Inspect for pests regularly.
A tree may look healthy and strong, but there’s no telling what’s lying under the surface until you take a look. The warm summer weather is optimal weather for pest growth, so constant vigilance is necessary to stay one step ahead of any infestation. Conduct inspections roughly every week before to give yourself an idea of what problems the tree is facing.
Keep a sharp eye out for cleanly bored holes, dripping sap, and dead branches. These indicators are often signs of larval infestations that could affect the tree’s water uptake. Being proactive is a great way to give yourself some early warning of an infestation, so make inspections part of your regular tree care regimen. While you’re at it, you can also keep an eye out for other trees in the neighbourhood. Detecting local pests can help prevent localized infestations just in time. Stay vigilant to protect your local trees and prevent any pests from spreading.
Refrain from pruning
Pruning is often necessary for maintaining the tree’s health and appearance. However, in summer, it’s generally better to avoid pruning unless removing diseased or damaged branches. In those cases, swift removal helps minimize any damage and prevents it from spreading to other parts of the tree.
Proper pruning can improve a tree’s health by promoting air circulation and reducing water uptake.

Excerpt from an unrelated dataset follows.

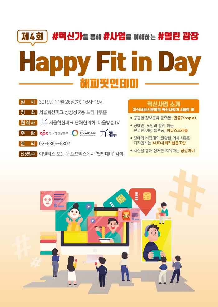 [환경데일리 김영민 기자]'제4회 해피핏인데이'가 26일(화) 16시 부터 19시 까지 서울혁신파크 상상청 느티나무홀에서 열린다.

However, to avoid putting undue strain on the tree and compromising stability, pruning is typically a job best left to the pros. Consult an arborist for pruning that’s effective and done at the right times and for the right reasons.
Consider Cabling For Safety
Summer is usually known for being hot, but summer storms can represent an unexpected problem for your trees. Severe storms can tear loose or dead branches free, making them hazardous to the area around a tree. For extra protection to your yard, consult an arborist to get an idea of the right course of action.
A professional may suggest removing the dead branches or installing cables to secure parts of the tree that may be at risk. In addition to making the yard a little safer, tree cabling can also help cut down on the shedding of twigs and leaves over the summer. Certain trees like maples, willows, birches, and cedars are often prone to leaf drop. Cabling is an effective method of minimizing messes in the yard. On another note, if your family prefers to go all-natural with your Christmas trees, cabling is an effective method of Christmas tree care in summer to keep your tree safe until the holidays.